University of Manitoba, Winnipeg, Manitoba R3T 2N2, Canada

James Morgan

Brown University, Providence, Rhode Island 02912

(Received: 14 July 2009; accepted: 31 August 2009; published online: 29 September 2009)

8- and 14-month-old infants' perceptual sensitivity to vowel duration conditioned by post-vocalic consonantal voicing was examined. Half the infants heard CVC stimuli with short vowels, and half heard stimuli with long vowels. In both groups, stimuli with voiced and voiceless final consonants were compared. Older infants showed significant sensitivity to mismatching vowel duration and consonant voicing in the short condition but not the long condition; younger infants were not sensitive to such mismatching in either condition. The results suggest that infants' sensitivity to extrinsic vowel duration begins to develop between 8 and 14 months. ©2009 Acoustical Society of America


Contents

Introduction

The development of phonological category knowledge involves two important components. Infants' perceptual systems must be tuned to the phoneme boundaries that exist in their native language, and they must be sensitive to systematic subphonemic variations in which the location of phoneme boundaries is influenced by variations along other acoustic dimensions. One example of the latter type is the relationship between the vowel length and the perception of a coda consonant as voiced or voiceless. In this study, we examine infants' sensitivity to the property of consonant voicing in the context of short and long vowel durations.
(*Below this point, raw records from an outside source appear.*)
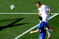 北京時間6月16日凌晨2:30進行的一場世界杯小組賽G組的較量中,巴西隊迎來了朝鮮隊。最終經(jīng)過90分鐘激戰(zhàn),巴西隊2-1擊敗朝鮮,贏得南非世界杯開門紅。中新社記者 廖攀 攝
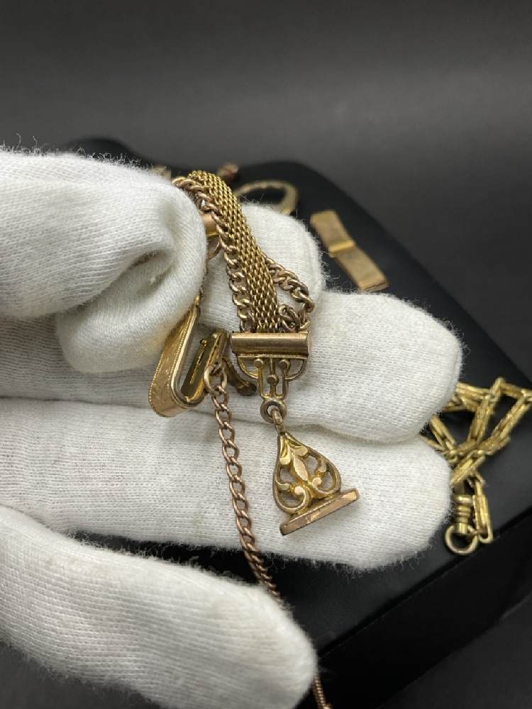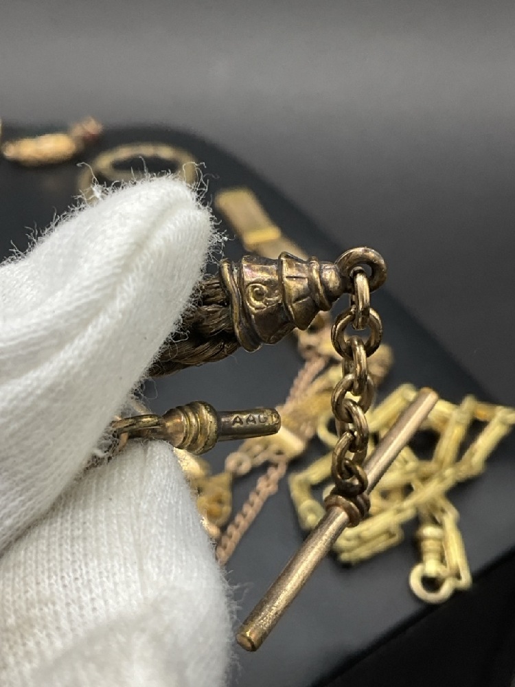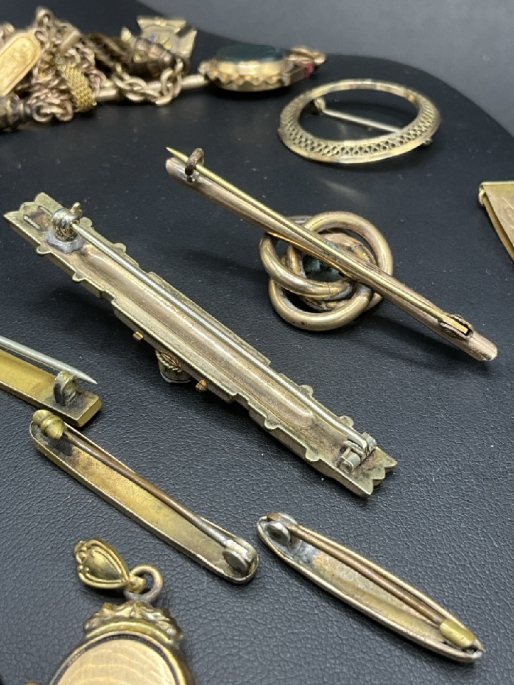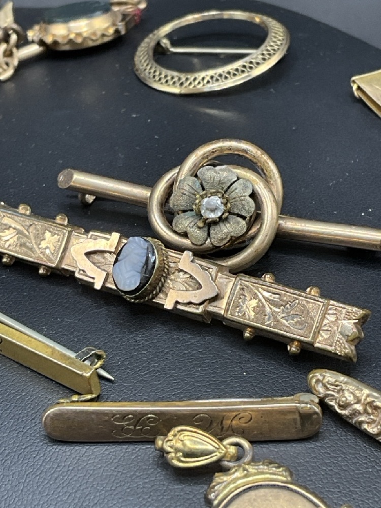 Victorian Compiled Jewelry with Human Hair Bracelet. Goldtone pins etc. As seen in photograph preview.
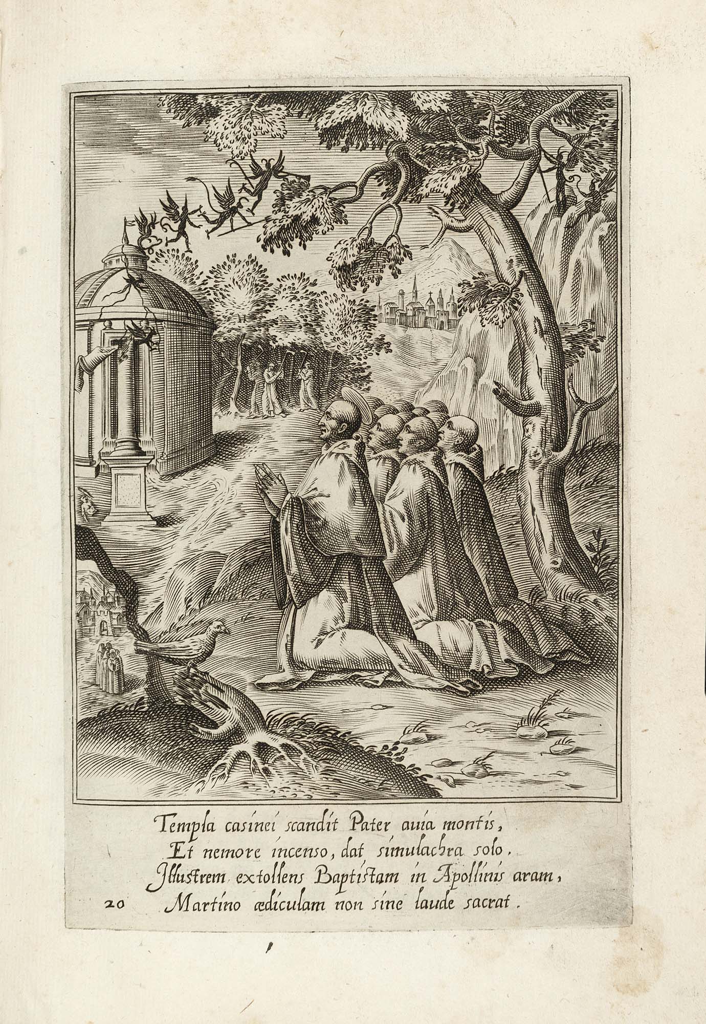 A nice collection of plates depicting the life of San Benedetto engraved by Bernardino Passeri under the supervision of Sangrino, Abbey of Montecassino.
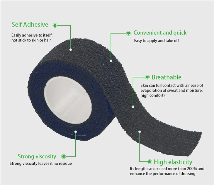 Perban perekat untuk tato adalah perban bungkus elastis yang terbuat dari kain non-anyaman 90% dan spandeks 10%, ini adalah perban perekat. Ini sering digunakan untuk membungkus pegangan mesin tato, yang membantu mencegah pegangan dari tergelincir selama penggunaan dan meningkatkan gesekan jari -jari Anda, yang dapat membantu Anda menggambar desain tato dengan lebih akurat.
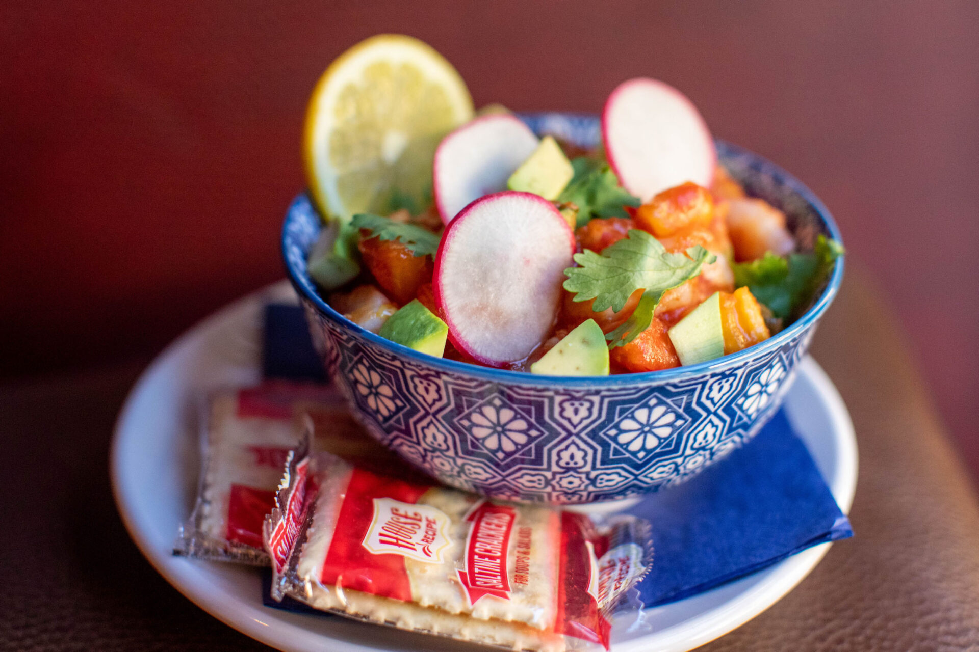 Other dishes include a signature shrimp cocktail, burrata and tomato, and charcuterie.

Young infants demonstrate sensitivity to within-category subphonemic distinctions in voice onset time (Miller and Eimas, 1996). Similarly, infants are sensitive to the allophonic variation of aspiration in isolation at 2 months (Hohne and Juscyk, 1994) and are able to use allophonic information as a cue to identify familiarized target words in fluent speech by the age of 10.5 months (Jusczyk et al., 1999). Infants are therefore able to detect at least some subphonemic variations, when they do not affect the perception of phoneme boundaries. What is unknown is how these sensitivities influence infants' phonological representations, when those variations are relevant to native-language-like perception of phoneme distinctions.

The present article investigates infants' development of perceptual sensitivity to subsegmental phonotactics, focusing on variation in vowel duration conditioned by the voicing of the following consonant. Vowels are realized with longer duration before a voiced than a voiceless consonant in English, e.g., [p[small capital eye]k] vs [p[small capital eye][lengthening]g] (House and Fairbanks, 1953). This effect will be referred to as “vowel length effect” (VLE). The duration of a pre-consonantal vowel thus serves as a source of information about the voicing of the following consonant. In addition to the VLE, earlier research has examined aspects of other cues for the post-vocalic voicing such as F1 offset frequency (Fischer and Ohde, 1990), intensity decay time, and the presence or absence of a “voice bar” during the closure interval (Hillenbrand et al., 1984). The focus of our investigation was on the development of sensitivity to VLE-induced phonotactics.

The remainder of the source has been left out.